The Refinance Index increased 3 percent from the previous week and was 8 percent lower than the same week one year ago. But recent declines in mortgage rates have produced a mini-refi wave (pink box).
The seasonally adjusted Purchase Index increased 2 percent from one week earlier. The unadjusted Purchase Index increased 1 percent compared with the previous week and was 18 percent lower than the same week one year ago. But rapidly rising home prices have cooled mortgage purchase applications since the beginning of 2021.
Here is the data from the MBA showing a rise in mortgage applications from the previous week of 2.79%.
US inflation remains nears its highest level since 1991, but moderated slightly.
The Consumer Price Index for All Urban Consumers (CPI-U) increased 0.5 percent in July on a seasonally adjusted basis after rising 0.9 percent in June, the U.S. Bureau of Labor Statistics reported today. Over the last 12 months, the all items index increased 5.4 percent before seasonal adjustment.

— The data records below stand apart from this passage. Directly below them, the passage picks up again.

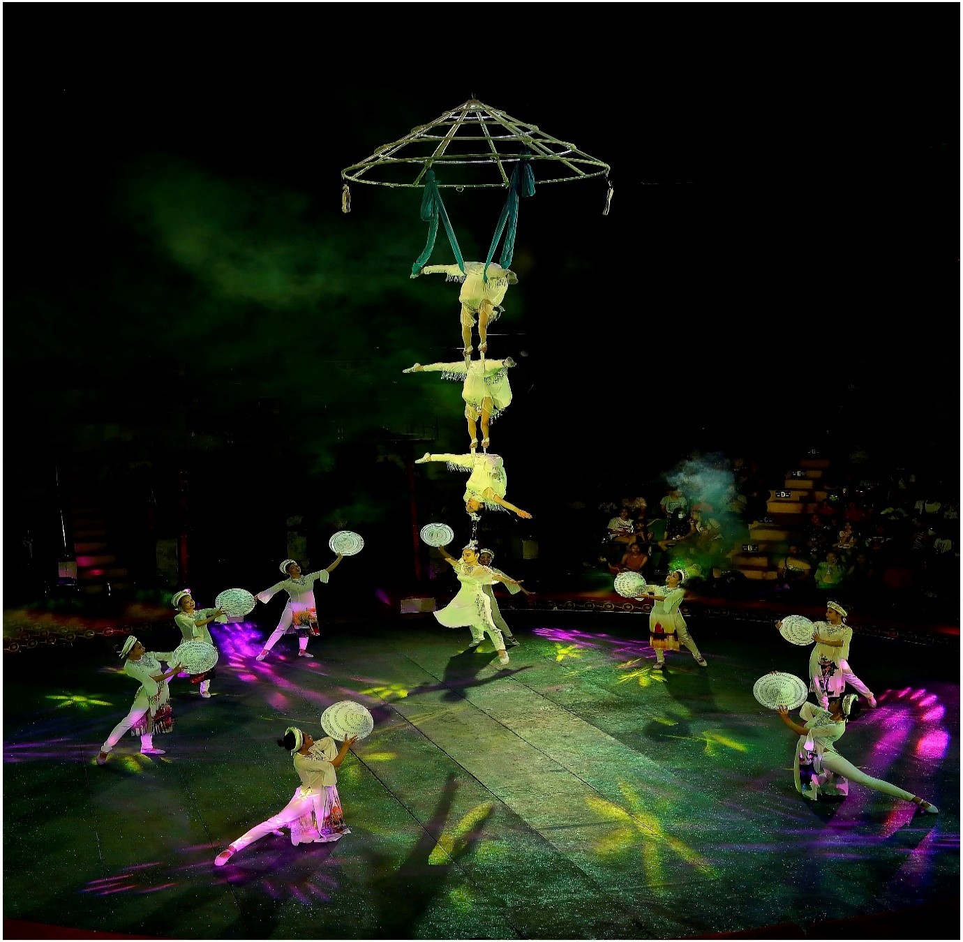 | Tiết mục đu nón của các nữ nghệ sĩ Liên đoàn Xiếc Việt Nam. |
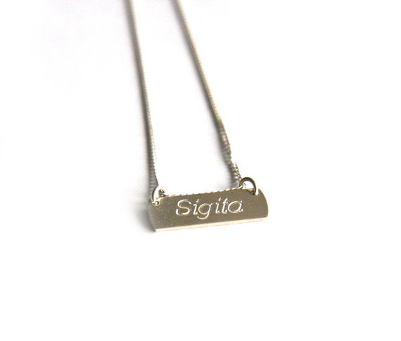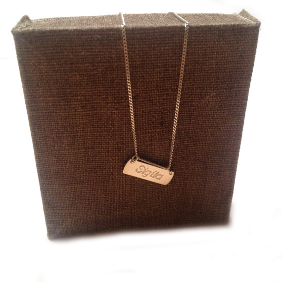 Name Pendant size: length 2cm, height 0,7cm, thickness 0,07 cm
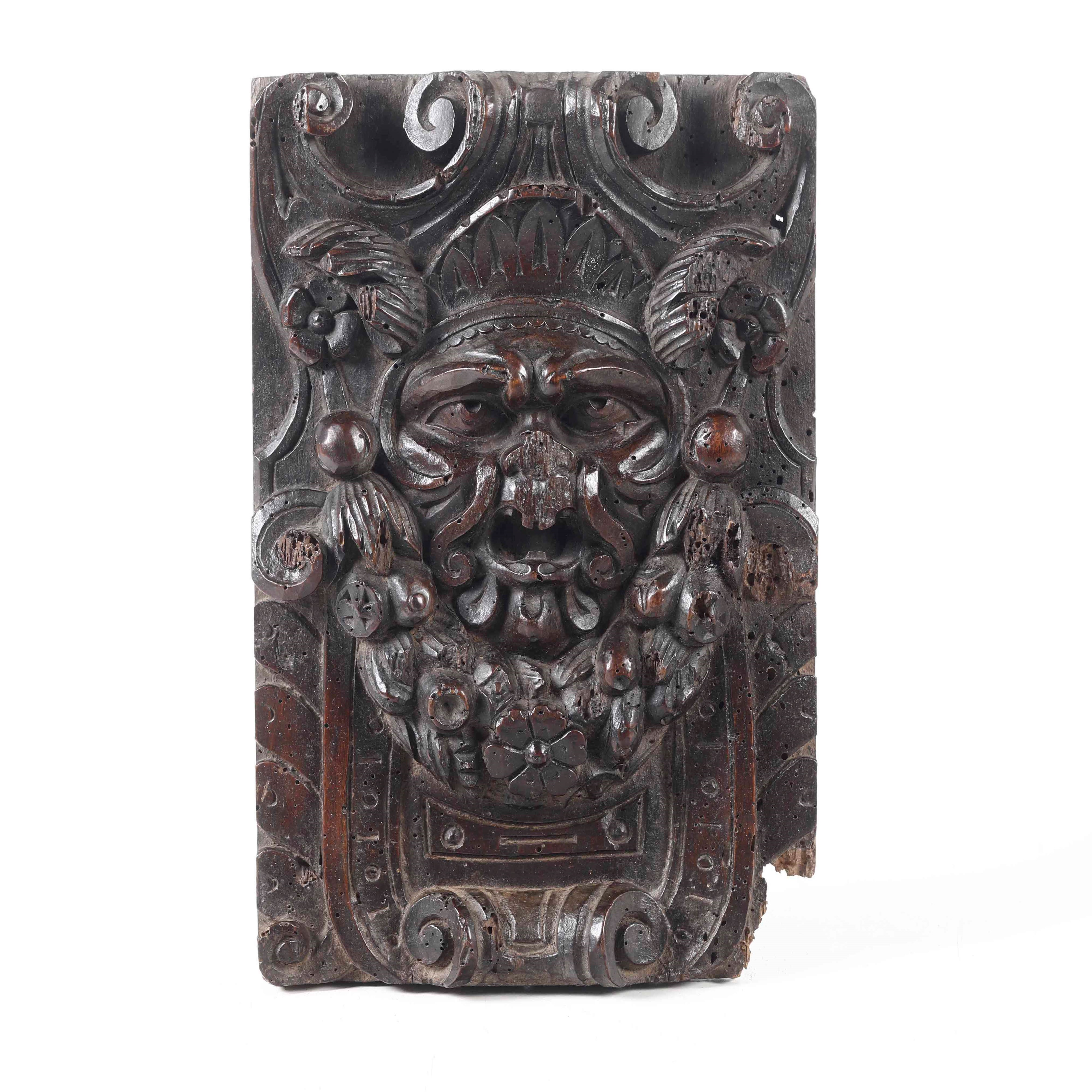Frammento ligneo in noce, mascherone con ghirlanda. Alto Lazio, verso la fine del [..]

The indexes for shelter, food, energy, and new vehicles all increased in July and contributed to the monthly all items seasonally adjusted increase. The food index increased 0.7 percent in July as five of the major grocery store food group indexes rose, and the food away from home index increased 0.8 percent. The energy index rose 1.6 percent in July, as the gasoline index increased 2.4 percent and other energy component indexes also rose.
US Real Average Hourly Earning YoY “rose” to -1.2% as core inflation “moderated” to +4.3%, the second highest reading since 1991.
Core inflation remains at 1991 levels.
With core CPI growing at 4.3%, the baseline Taylor Rule model implies that the Fed Funds target rate should be 7.05%, not the current rate of 0.25%.
As The Fed keeps rolling the dice on zero-interest rate policies.